◆ **TASK REQUIREMENTS**
With the pictures left out, retype exactly the lines below starting at the line that contains "On Jan 14th, Mr." and ending at the line that contains "12色の豊かな色が使われている編み込みのメンズベストです。".

== INFORMATION

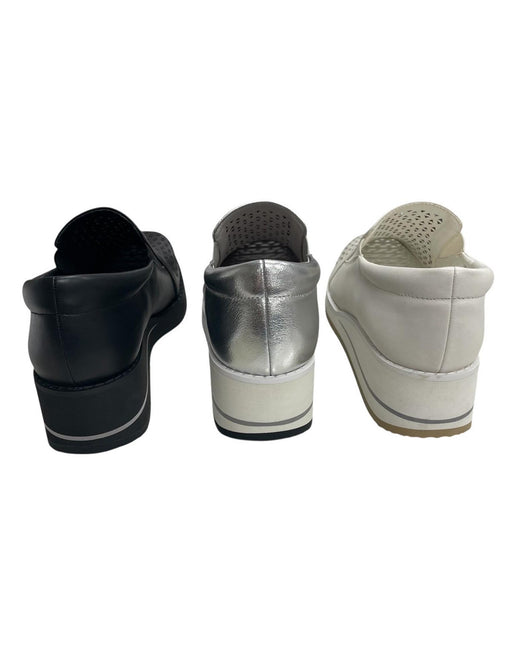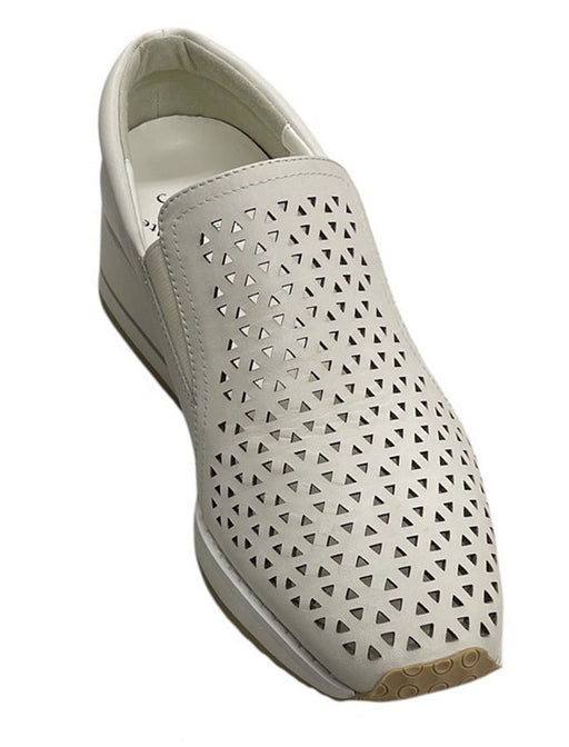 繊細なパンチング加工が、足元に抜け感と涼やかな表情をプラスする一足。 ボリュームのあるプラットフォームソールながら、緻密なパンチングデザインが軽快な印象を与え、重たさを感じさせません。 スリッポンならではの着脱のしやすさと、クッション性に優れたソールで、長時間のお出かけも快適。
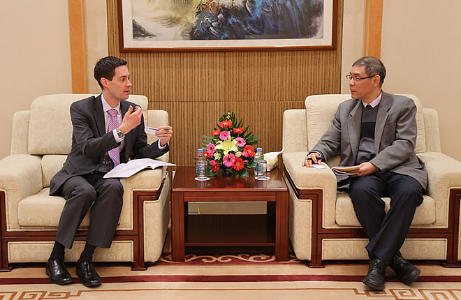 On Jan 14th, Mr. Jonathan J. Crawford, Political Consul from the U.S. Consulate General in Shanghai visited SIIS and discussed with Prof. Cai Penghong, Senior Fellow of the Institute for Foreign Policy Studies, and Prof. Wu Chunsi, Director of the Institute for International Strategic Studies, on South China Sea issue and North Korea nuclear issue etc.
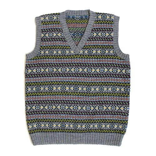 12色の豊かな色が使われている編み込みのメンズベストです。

====
== INFORMATION

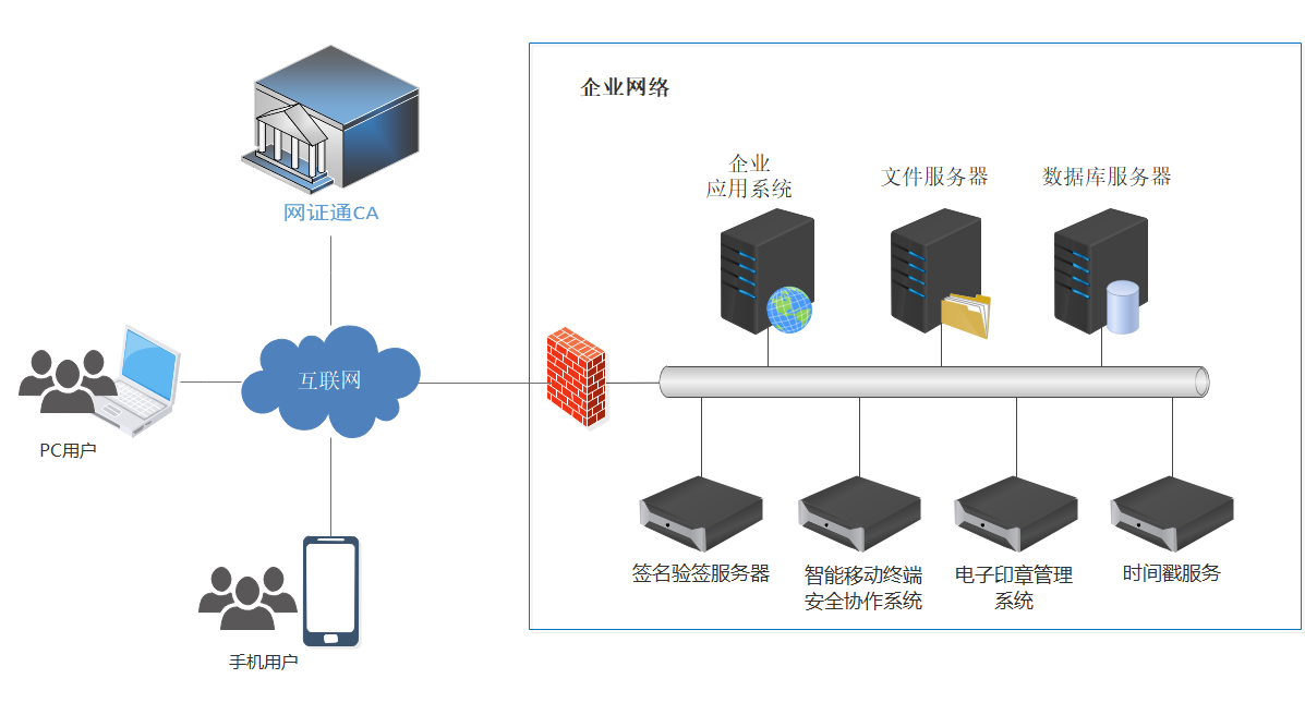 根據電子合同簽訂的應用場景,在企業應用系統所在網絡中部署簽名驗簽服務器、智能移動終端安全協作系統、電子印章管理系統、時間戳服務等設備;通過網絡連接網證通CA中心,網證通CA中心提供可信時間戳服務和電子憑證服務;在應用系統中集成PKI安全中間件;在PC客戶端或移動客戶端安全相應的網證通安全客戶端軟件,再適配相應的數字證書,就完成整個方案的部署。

====

◆ **YOUR SOLUTION**
 On Jan 14th, Mr. Jonathan J. Crawford, Political Consul from the U.S. Consulate General in Shanghai visited SIIS and discussed with Prof. Cai Penghong, Senior Fellow of the Institute for Foreign Policy Studies, and Prof. Wu Chunsi, Director of the Institute for International Strategic Studies, on South China Sea issue and North Korea nuclear issue etc.
 12色の豊かな色が使われている編み込みのメンズベストです。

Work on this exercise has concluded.